A shaft consisting of a steel tube of 50-mm outer diameter is to transmit 100 kW of power while rotating at a frequency of 20 Hz. Determine the tube thickness that should be used if the shearing stress is not to exceed 60 MPa.


Verified Solution

The torque exerted on the shaft is given by Eq. (3.21):

T=\frac{P}{2 \pi f}=\frac{100 \times 10^{3}  W }{2 \pi(20  Hz )}=795.8  N \cdot m

From Eq. (3.22) we conclude that the parameter J / c_{2} must be at least equal to

\frac{J}{c_{2}}=\frac{T}{\tau_{\max }}=\frac{795.8  N \cdot m }{60 \times 10^{6}  N / m ^{2}}=13.26 \times 10^{-6}  m ^{3}                    (3.23)

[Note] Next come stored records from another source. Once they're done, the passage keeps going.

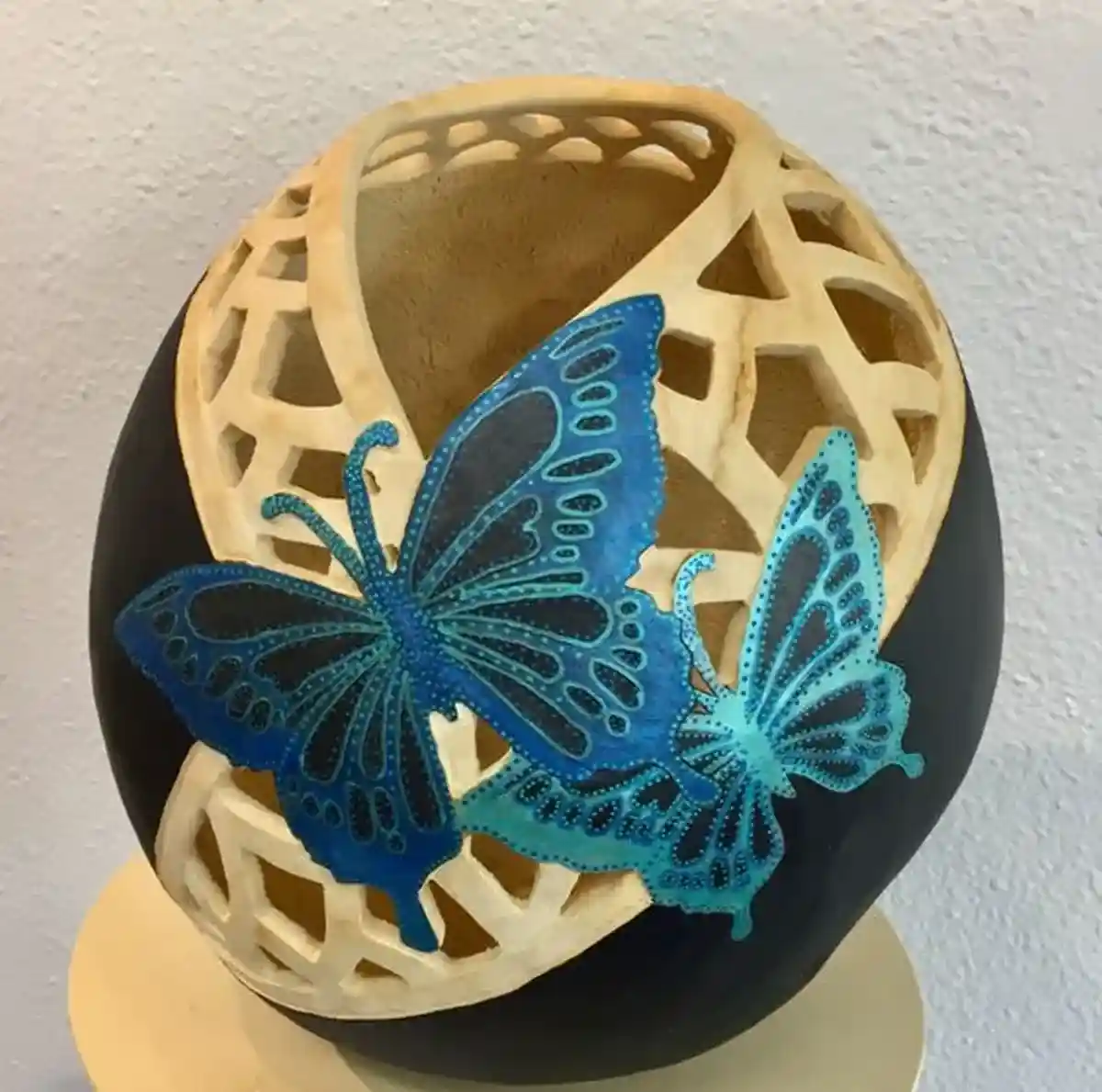 Depois de concluir o entalhe, muitos escultores em cabaças optam por adicionar cor à sua obra. A pintura é uma parte essencial do processo, pois realça os detalhes da escultura e adiciona profundidade à peça. Os pigmentos são aplicados com cuidado, muitas vezes seguindo um esquema de cores específico para criar um impacto visual impressionante.
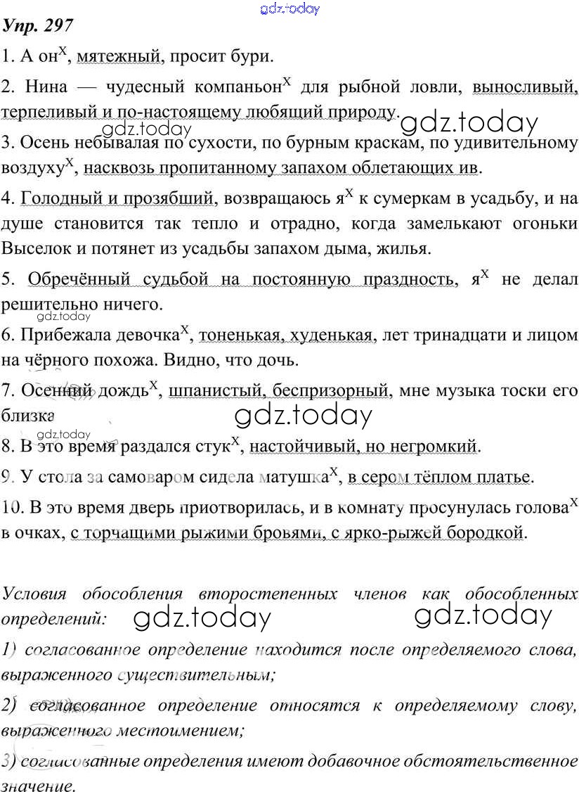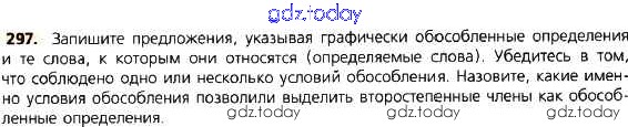 На страницах сайта gdz.today вы найдете учебный и вспомогательный материал, направленный на улучшения знаний школьной программы. ГДЗ - онлайн мир знаний Решение к упражнениям 297 Учебнику по Русскому языку для 8 класса Тростенцова, Ладыженская Просвещение 2014
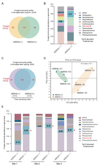 Fungal community profile in ASSVd-infected and ASSVd-free apple stem tissues. (A) Similarities and differences in fungal OTUs between two samples collected in the autumn of 2019 presented as a Venn diagram. (B) Composition of the fungal communities in the two samples collected in the autumn of 2019 classified at the genus level. The 10 most abundant fungal genera are presented. (C) Similarities and differences in fungal OTUs between two samples collected in the spring of 2020 presented as a Venn diagram. (D) Principal component analysis (PCA) of two samples collected in the spring of 2020 based on Bray–Curtis distances. (E) Composition of the fungal communities in the two samples collected in the spring of 2020 classified at the genus level. The 10 most abundant fungal genera are presented.
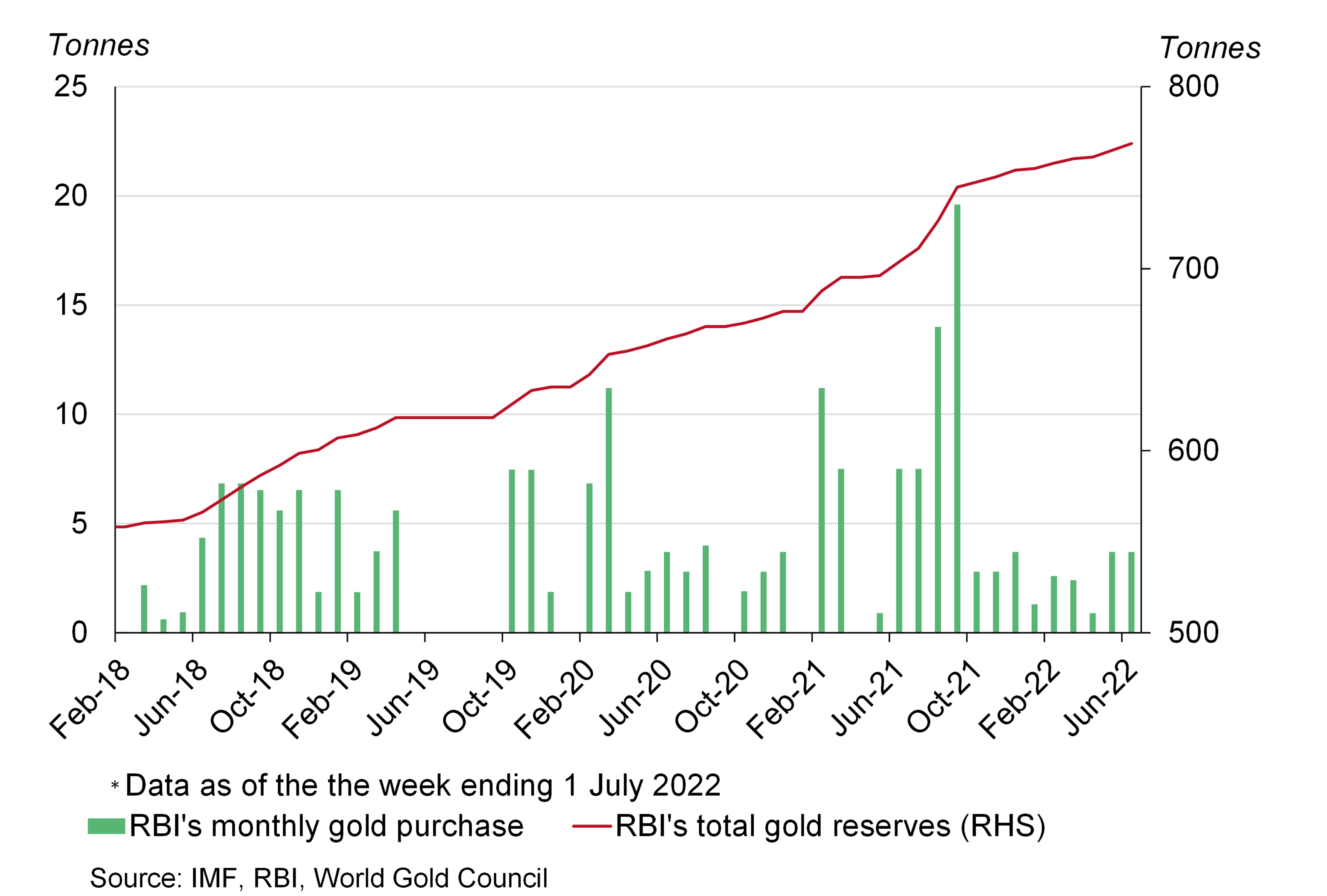 Chart 5: RBI added 3.7t to its gold reserves in June
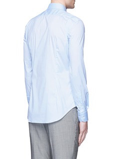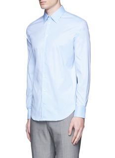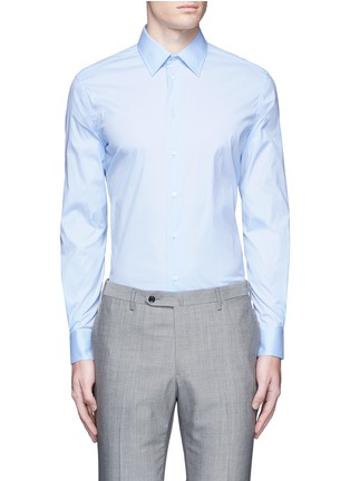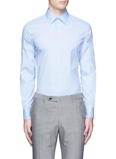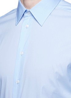 浅色衬衫可让人看起来更精神醒目,这款阿玛尼黑标的衬衫是不错的选择,将修身剪裁与柔软富弹性的府绸面料结合,伸展或活动时格外自如,清新的浅蓝色让您更显年轻,可搭配灰色长裤,打造稳重大气的上班造型。

But, from Eq. (3.10) we have

\frac{J}{c_{2}}=\frac{\pi}{2 c_{2}}\left(c_{2}^{4}-c_{1}^{4}\right)=\frac{\pi}{0.050}\left[(0.025)^{4}-c_{1}^{4}\right]                       (3.24)

\tau=\frac{T \rho}{J}                   (3.10)

Equating the right-hand members of Eqs. (3.23) and (3.24), we obtain:

(0.025)^{4}-c_{1}^{4}=\frac{0.050}{\pi}\left(13.26 \times 10^{-6}\right)

\begin{aligned}&c_{1}^{4}=390.6 \times 10^{-9}-211.0 \times 10^{-9}=179.6 \times 10^{-9}  m ^{4} \\&c_{1}=20.6 \times 10^{-3}  m =20.6  mm\end{aligned}

The corresponding tube thickness is

c_{2}-c_{1}=25  mm -20.6  mm =4.4  mm

A tube thickness of 5 mm should be used.